- Opening Delimiter -

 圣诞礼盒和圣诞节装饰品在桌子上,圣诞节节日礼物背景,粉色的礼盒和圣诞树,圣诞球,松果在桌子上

- Closing Delimiter -
- Opening Delimiter -

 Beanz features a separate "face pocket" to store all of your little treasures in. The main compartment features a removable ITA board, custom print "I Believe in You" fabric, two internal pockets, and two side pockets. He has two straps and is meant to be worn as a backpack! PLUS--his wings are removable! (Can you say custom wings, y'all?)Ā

- Closing Delimiter -
- Opening Delimiter -

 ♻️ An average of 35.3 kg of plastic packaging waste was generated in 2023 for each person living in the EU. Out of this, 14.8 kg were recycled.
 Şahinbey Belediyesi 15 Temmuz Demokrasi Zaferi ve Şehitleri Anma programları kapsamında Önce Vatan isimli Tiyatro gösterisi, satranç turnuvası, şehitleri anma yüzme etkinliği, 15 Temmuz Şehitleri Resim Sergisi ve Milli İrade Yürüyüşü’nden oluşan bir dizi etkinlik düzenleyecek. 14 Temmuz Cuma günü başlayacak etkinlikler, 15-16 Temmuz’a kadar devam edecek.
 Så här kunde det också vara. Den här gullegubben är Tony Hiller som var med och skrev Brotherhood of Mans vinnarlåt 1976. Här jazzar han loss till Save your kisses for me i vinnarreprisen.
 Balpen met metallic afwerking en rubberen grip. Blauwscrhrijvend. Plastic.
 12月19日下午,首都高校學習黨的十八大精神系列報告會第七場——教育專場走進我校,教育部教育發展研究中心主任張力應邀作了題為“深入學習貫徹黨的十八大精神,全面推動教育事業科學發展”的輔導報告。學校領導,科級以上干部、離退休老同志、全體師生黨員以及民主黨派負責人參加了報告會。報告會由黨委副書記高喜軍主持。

- Closing Delimiter -

§ **Exercise instructions**
If a line of the data above contains "your", copy it out.

§ **Worked solution**
 Beanz features a separate "face pocket" to store all of your little treasures in. The main compartment features a removable ITA board, custom print "I Believe in You" fabric, two internal pockets, and two side pockets. He has two straps and is meant to be worn as a backpack! PLUS--his wings are removable! (Can you say custom wings, y'all?)Ā
 Så här kunde det också vara. Den här gullegubben är Tony Hiller som var med och skrev Brotherhood of Mans vinnarlåt 1976. Här jazzar han loss till Save your kisses for me i vinnarreprisen.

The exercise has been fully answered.